Bei der Hardwarebearbeitung können alle rotierenden Körperteile, die auf gewöhnlichen Drehmaschinen eingespannt werden können, auf CNC-Drehmaschinen bearbeitet werden. CNC-Drehmaschinen zeichnen sich jedoch durch eine hohe Bearbeitungsgenauigkeit aus, können lineare und kreisförmige Interpolation durchführen und die Geschwindigkeit im Prozess der Hardwarebearbeitung automatisch ändern. Ihr Prozessbereich ist viel breiter als der von gewöhnlichen Werkzeugmaschinen.
Die CNC-Drehmaschine weist eine gute Steifigkeit, eine hohe Fertigungs- und Werkzeugeinstellungsgenauigkeit auf und kann die manuelle und automatische Kompensation einfach und präzise eingeben, sodass sie Teile mit hohen Anforderungen an die Maßgenauigkeit bearbeiten kann.
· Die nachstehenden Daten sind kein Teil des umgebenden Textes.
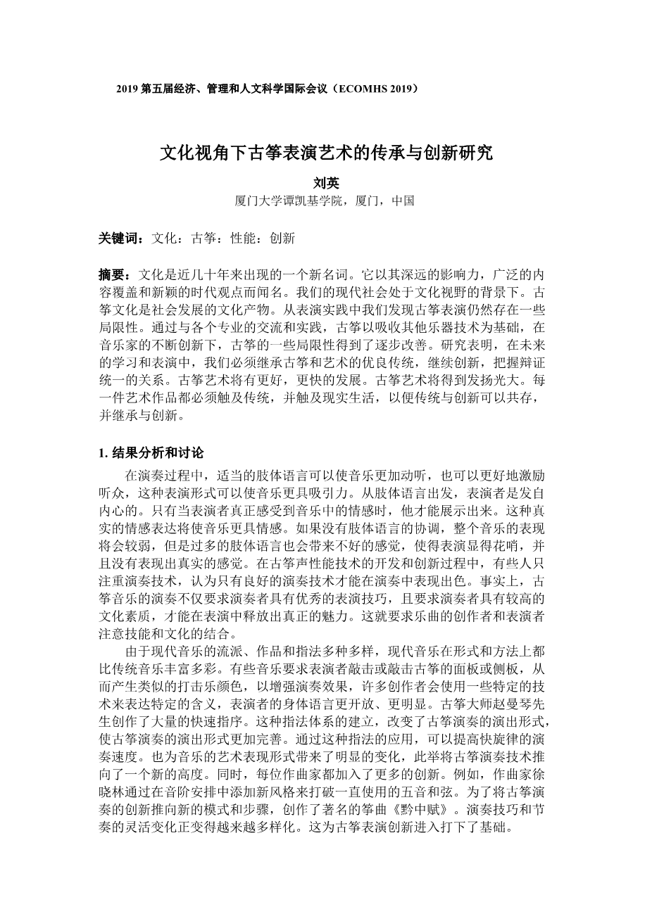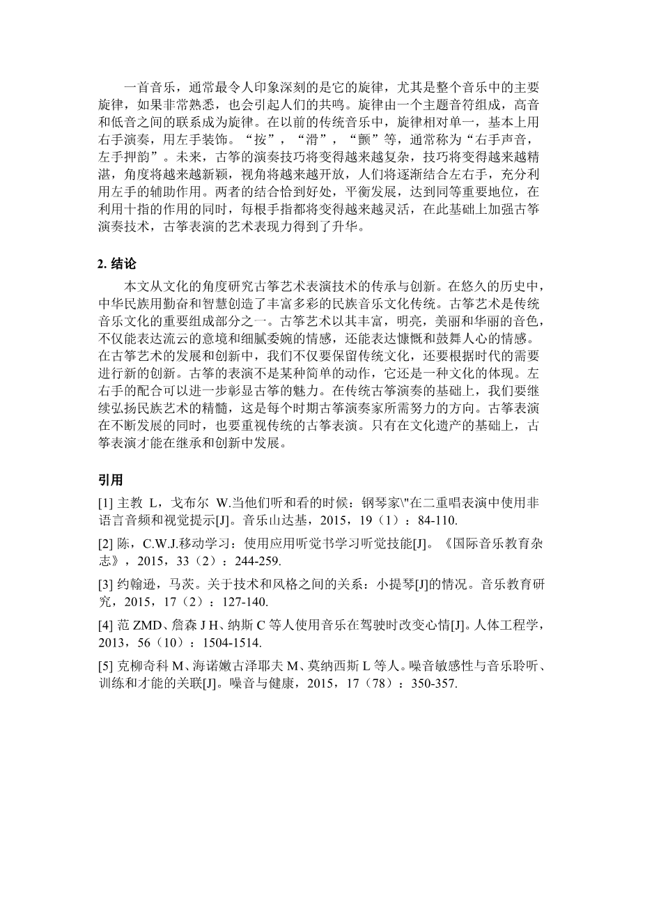文化视角下古筝表演艺术的传承与创新研究外文翻译资料 2023-07-28 11:12:17 英语原文共 3 页,剩余内容已隐藏,支付完成后下载完整资料 英语译文共 3 页,剩余内容已隐藏,支付完成后下载完整资料 资料编号:[604674],资料为PDF文档或Word文档,PDF文档可免费转换为Word 原文和译文剩余内容已隐藏,您需要先支付 30元 才能查看原文和译文全部内容!立即支付 发小红书推广免费获取该资料资格。点击链接进入获取推广文案即可: Ai一键组稿 | 降AI率 | 降重复率 | 论文一键排版 PREVIOUS NEXT 您可能感兴趣的文章 音乐启发训练分析外文翻译资料 古筝史外文翻译资料 从序列看五声性——中国当代音乐中不同传统的整合外文翻译资料 浅析新疆歌曲《曲蔓地》的演唱风格及技巧分析外文翻译资料 从戏曲到谭盾的中国戏曲打击乐外文翻译资料 我们时代的音乐教学:学生音乐教师对音乐教育、教师教育和成为教师的思考外文翻译资料 我们时代的音乐教学:学生音乐教师对音乐教育、教师教育和成为教师的思考外文翻译资料 莫扎特的降E大调小提琴协奏曲外文翻译资料 文化视域下古筝艺术表演技法的传承与创新研究外文翻译资料 文化视角下古筝表演艺术的传承与创新研究外文翻译资料

Darüber hinaus wird die Werkzeugbewegung beim CNC-Drehen durch hochpräzise Interpolationsbewegung und Servoantrieb realisiert, gepaart mit der guten Steifigkeit und hohen Fertigungsgenauigkeit der Werkzeugmaschine, sodass sie Teile mit hohen Anforderungen an die Formgenauigkeit wie Busgeradheit, Rundheit und Zylindrizität bearbeiten kann. Bei Bögen und anderen gekrümmten Konturen ist die resultierende Form der auf der Zeichnung erforderlichen Geometrie viel näher als bei einer Kopierdrehmaschine.
CNC-Drehmaschinen verfügen über eine Schneidfunktion mit konstanter Lineargeschwindigkeit. Daher kann zum Schneiden von Kegel und Endfläche die beste Lineargeschwindigkeit gewählt werden. So ist die Oberflächenrauheit nach dem Drehen gering und gleichmäßig und es können Teile mit geringer und gleichmäßiger Oberflächenrauheit bearbeitet werden.
CNC-Drehmaschinen können nicht nur gerade, konische und stirnseitige Gewinde mit beliebiger Steigung drehen, sondern auch Gewinde mit fließenden Übergängen zwischen variablen Steigungen. Beim Drehen von Gewinden auf CNC-Drehmaschinen muss die Spindelsteuerung nicht wie bei gewöhnlichen Drehmaschinen abwechselnd geändert werden, und sie kann ohne Unterbrechung bis zum Abschluss durchlaufen, sodass die Effizienz von CNC-Drehmaschinengewinden sehr hoch ist.